Out on the lake early this morning, searching for invasive milfoil. (Our lake has been one of the winners of the invasive weed contest since 2013. We discovered this fun fact when we bought our house in 2014. Our luck at finding a foreclosure with lake front was the poor fortune of a family whose children inked their names on the back of a garage stair case at some point before departing. Defiant gesture, perhaps, made my children with no control over the whims and weaknesses of the adults trying to raise them. To this day – literally this day – we find golf balls embedded in the back yard and the woods – smashed into the air by the father who couldn’t hold it together for his family.)

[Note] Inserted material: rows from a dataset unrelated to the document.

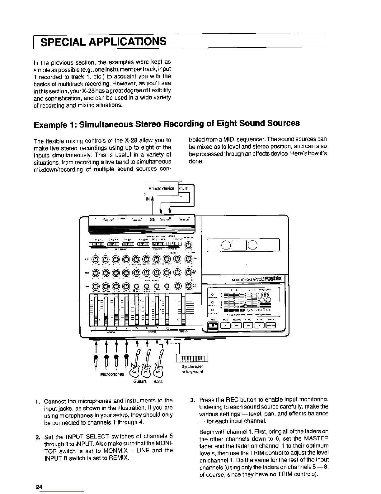 Fostex MULTITRACKER X-28 - SPECIAL APPLICATIONS; Simultaneous Stereo Recording
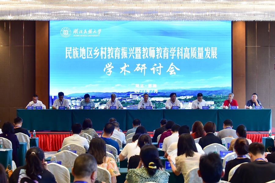 7月14日至16日,由湖北民族大学教师教育学院主办的“民族地区乡村教育振兴暨教师教育学科高质量发展”学术研讨会在恩施召开。湖北民族大学校长顿祖义教授出席开幕式并讲话,来自全国各地高校的专家学者、地方基础教育一线骨干教师、教研机构研究人员等120多人参加会议。
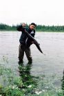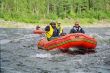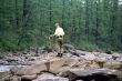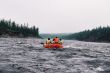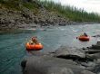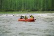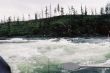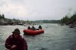Zwijamy graty i na wodę. Rzeka płynie nadal bardzo szybko. Mijane progi ledwo wystają spod spienionych fal. Stajemy poniżej jednego z nich i próbujemy łowić. Rezultatów nie ma, ale znajdujemy pływające przy brzegu pudełko z muchami Marka. Kawał drogi przepłynęło od tamtego progu. Żal, że nie znaleźliśmy cytryn. Trochę na to liczyliśmy. Herbata bez cytryny to już nie to.
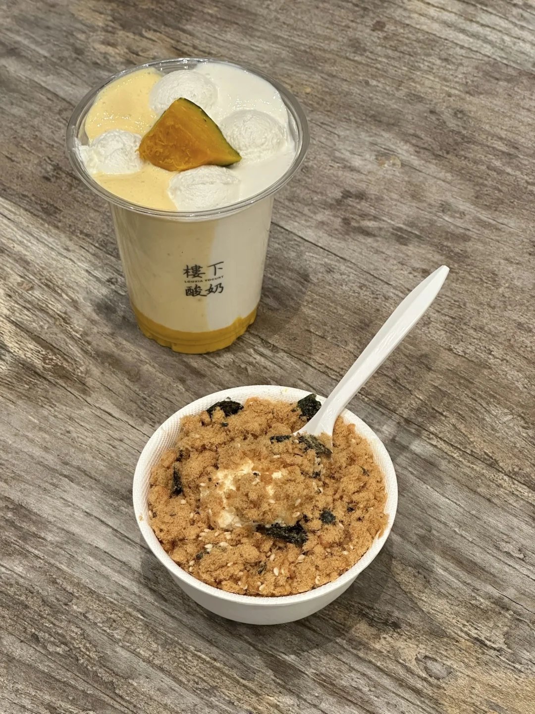 南瓜咸蛋黄肉松碗😋肉松小贝pro版!!! 好特别的组合!!一口意外的好吃,黏糊糊的咸甜鲜香!!越吃越上头🤤 还有南瓜苹果鸳鸯酪!!奶fufu的口感好丝滑了~
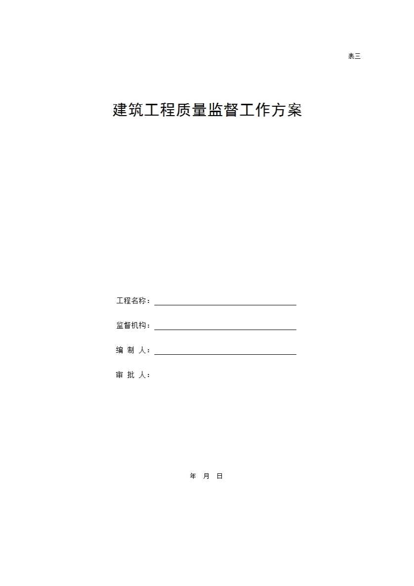 表格名称:4 建筑工程质量监督工作方案 封面(随州)
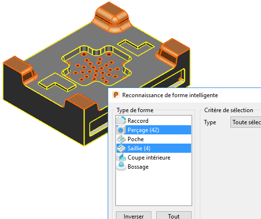 - Cliquez sur Solide > Forme > Reconnaissance intelligente pour afficher la boite de dialogue Reconnaissance de forme intelligente.

But back to the milfoil: A small team of volunteers scours our lake for several months each summer to help the professionals to help us. Searching for milfoil in a weedy cove from the seat of a kayak is slow work. I bring my camera and have it at the ready to add something for me to the task. At the front of my short, non-tippy (sit-on) kayak I have several milfoil buoys attached to anchors. These are ready to be tossed if I find what I don’t want to find. Then between my knees I have a bag with my camera, sunscreen, and other odds and ends. Coffee mug is busy wobbling around in a cup holder that is much too wide and insufficiently deep. (Maybe it is meant to hold a burger?) And all this only after I have managed to get myself into the kayak without tipping over into the lake. (Seriously, how does one do this gracefully?)
Then off I paddle, looking for milfoil and scanning for my animal friends. This morning I watched the osprey snag weeds for the nest (pictures coming soon). Watched small birds chase a great blue heron for a few quick moments of brave flapping wings. Heard my red-winged blackbirds. Didn’t mind when a small pale spider with a pot belly crawled across my leg and damselflies landed on my head, arms, feet. Watched my muskrat buddy munching on lake weeds in his usual spot. And my loons. Always my loons. No chicks this year, from what the loon count and my observations tell us.
And oh, the turtles! Turtles on logs. Turtles on rocks. Turtles lazy-paddling through lake weeds; turtles wriggled into lake bottom mud. Snappers that may be closing in on 40 years old. Painted turtles new to the world, or tired from three decades of enduring. Along the way I found this darling baby painted turtle. About twenty feet away I spotted an adult painted sunning on a rock. Turtles startle easily, so I was thrilled to get a handful of pictures of this little fella. (Hooray for my zoom lens!)